大気さんはこの話しをきっかけに、「今度こそ人生のやり直しをしたい」とタクシーの運転手になることを心に決めた。研修を経てすぐに勤務は始まる。十代から遊び尽くした歌舞伎町は、抜け道も、渋滞の時間帯も、そこに集まる人の範囲もパターンもよく分かっていた。入社3、4カ月で業界トップクラスの売上となり、周囲からは「何か憑(つ)き物が憑いてる」と言われたこともあった。

「僕にしてみれば、当然といえば当然。日々祈り、聖書を読み、神様により頼んだ生活を送っていただけですね。『憑き物』と世間は言うけれど、それはイエス様なんですよね。タクシーの運転手は、お客様を乗せているとき以外は、ほとんどが一人。休憩中には聖書を読み、運転しながら祈り、業務をこなす。そうすると、不思議と『良いお客さん』が舞い込んでくる」と大気さんは話す。

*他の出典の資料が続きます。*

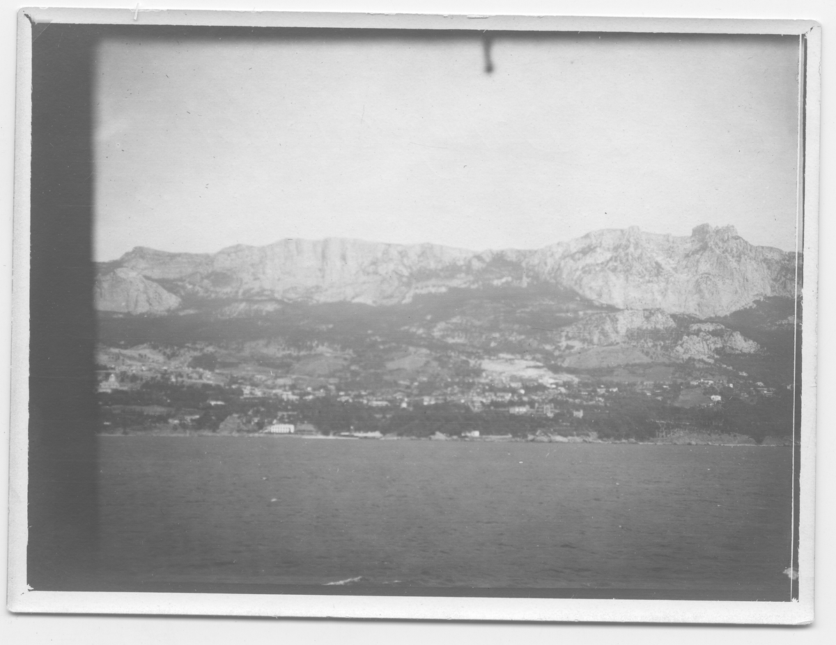 På kuvertet står följande information sammanställd vid museets första genomgång av materialet: Krim. Samhälle taget från sjön.

現在は、タクシー運転手の派遣事業、コンサルティングなどを中心に活躍している大気さん。「僕のような『ダメダメ人間』でも変わることができたのは、イエス様のお陰。僕がどんなに悪行三昧だったときにも、母は祈っていてくれました。僕は今、このタクシー業界の中で神様の栄光を表す者として立たされていると感じています。僕のところには、毎日たくさんの相談が寄せられています。彼ら一人ひとりのために祈っている。いつか、彼らもイエス様の愛に触れる日が来るような気がするんです」と力強く語る。

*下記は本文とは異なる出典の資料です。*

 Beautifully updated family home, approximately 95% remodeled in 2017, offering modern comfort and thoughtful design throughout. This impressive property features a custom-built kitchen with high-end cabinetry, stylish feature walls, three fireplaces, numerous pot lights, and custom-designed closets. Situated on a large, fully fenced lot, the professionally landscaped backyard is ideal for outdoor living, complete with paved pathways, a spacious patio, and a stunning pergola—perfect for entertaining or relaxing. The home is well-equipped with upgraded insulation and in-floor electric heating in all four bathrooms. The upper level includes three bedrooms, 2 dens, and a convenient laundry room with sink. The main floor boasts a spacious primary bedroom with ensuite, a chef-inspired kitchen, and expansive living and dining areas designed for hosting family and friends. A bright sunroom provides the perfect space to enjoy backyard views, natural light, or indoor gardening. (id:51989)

「お父様も喜んでいらっしゃるでしょう?大気さんの変わり様を見て、クリスチャンになる準備ができたのでは?」と尋ねると、「そうですね。母はずっと父のために祈っている。昔から今も変わらず祈っています。私も兄も祈っています」と優しく微笑んだ。

大気さんは、「ザアカイの家」を主宰する進藤龍也牧師と今後、伝道パートナーとして、さまざまな形で活動していく予定だという。これから先、神様の計画がどこにあるのか・・・大気さんのさらなる活躍を期待してやまない。